Depuis 2008, la Suisse met en œuvre un programme d’éradication de la diarrhée virale bovine. Des efforts considérables ont été déployés pour tester tous les bovins et tous les veaux nouveau-nés. Le programme d'éradication est un franc succès. Le taux de naissance d'animaux IP a pu être réduit de près de 1,4 % à moins de 0,02 % (fin 2012). Plus de 99,5 % des exploitations bovines suisses sont indemnes de BVD. Au vu de cette situation favorable, il a été décidé de ne pas reconduire à compter du 1er janvier 2013 le programme de dépistage systématique du virus de la BVD fondé sur les analyses des échantillons d'oreilles prélevés sur tous les veaux nouveau-nés. Ce programme a été remplacé par une surveillance des troupeaux.

Néanmoins, la maladie n'est pas encore entièrement éradiquée.
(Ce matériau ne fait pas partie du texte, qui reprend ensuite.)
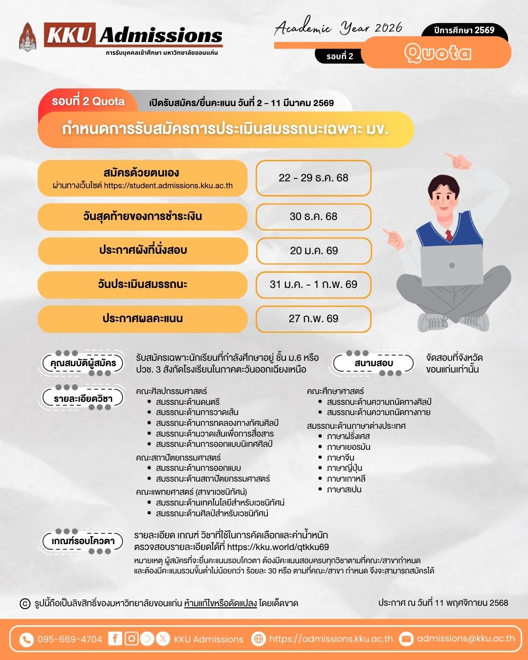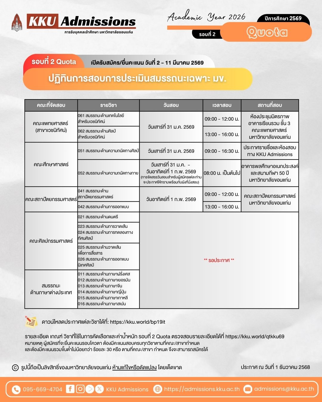 รอบที่ 2 Quota: กำหนดการรับสมัครการประเมินสมรรถนะเฉพาะ มข. ประจำปีการศึกษา 2569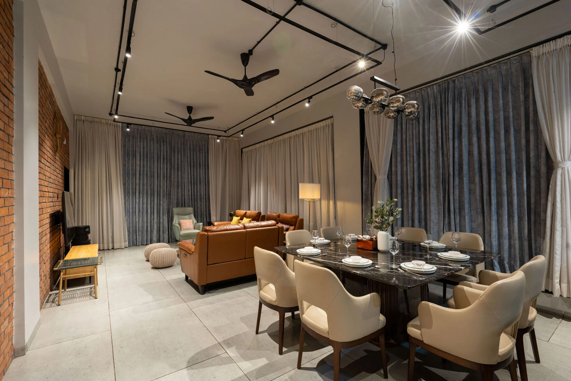 This space has beautiful chandeliers installed that illuminate the areas as you munch on some grubs.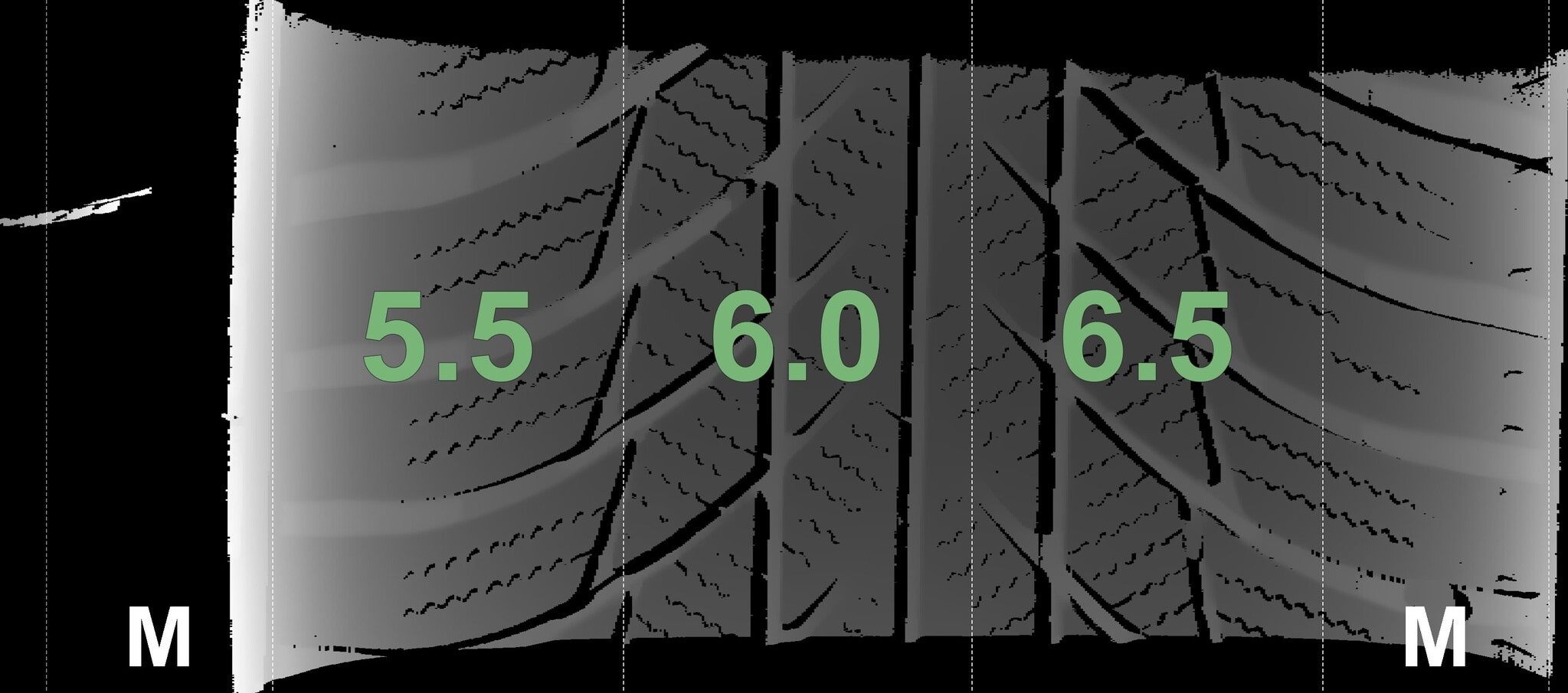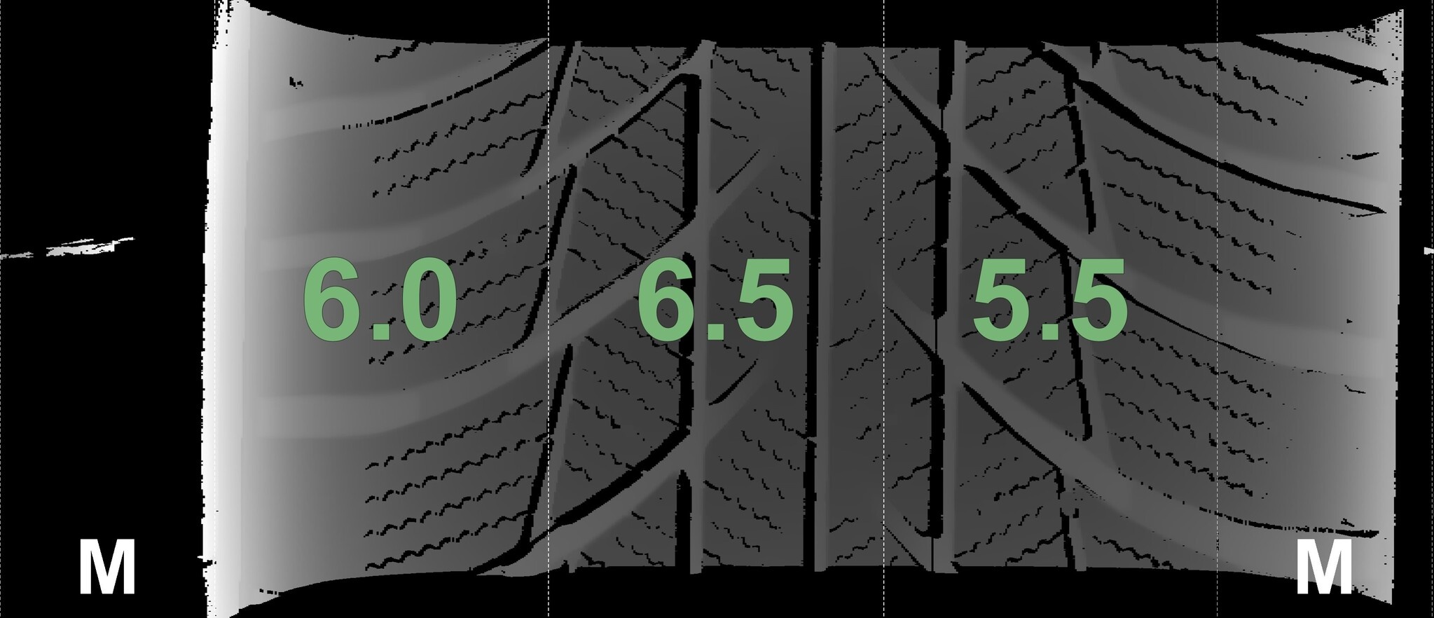 Die gemessenen Profiltiefen und die Details der Felgen sind oben dargestellt.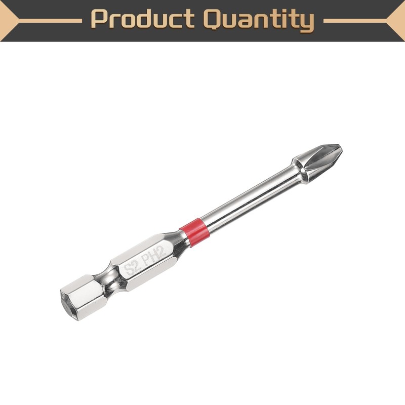 - Size - Phillips head size: PH2 (#2); total length: 65mm / 2.6"; hex shank size: 1/4"; rod diameter: 4mm / 0.16"; hardness: HRC58-60 (The recognized stable hardness is around HRC60.). PH2 screwdriver bits are mainly used for screws of large household appliances.

L'appel à la vigilance lancé à tous les éleveurs et à tous les vétérinaires reste donc de mise.

La banque de données des cas d’épizooties donne une vue d’ensemble de la situation épizootique suisse.

Que faire ?

Les vaccinations contre la BVD sont interdites en Suisse.

La BVD est une épizootie à éradiquer, soumise à déclaration. Toute personne qui détient des animaux ou qui s'en occupe est tenue d'annoncer les cas suspects au vétérinaire de l’exploitation.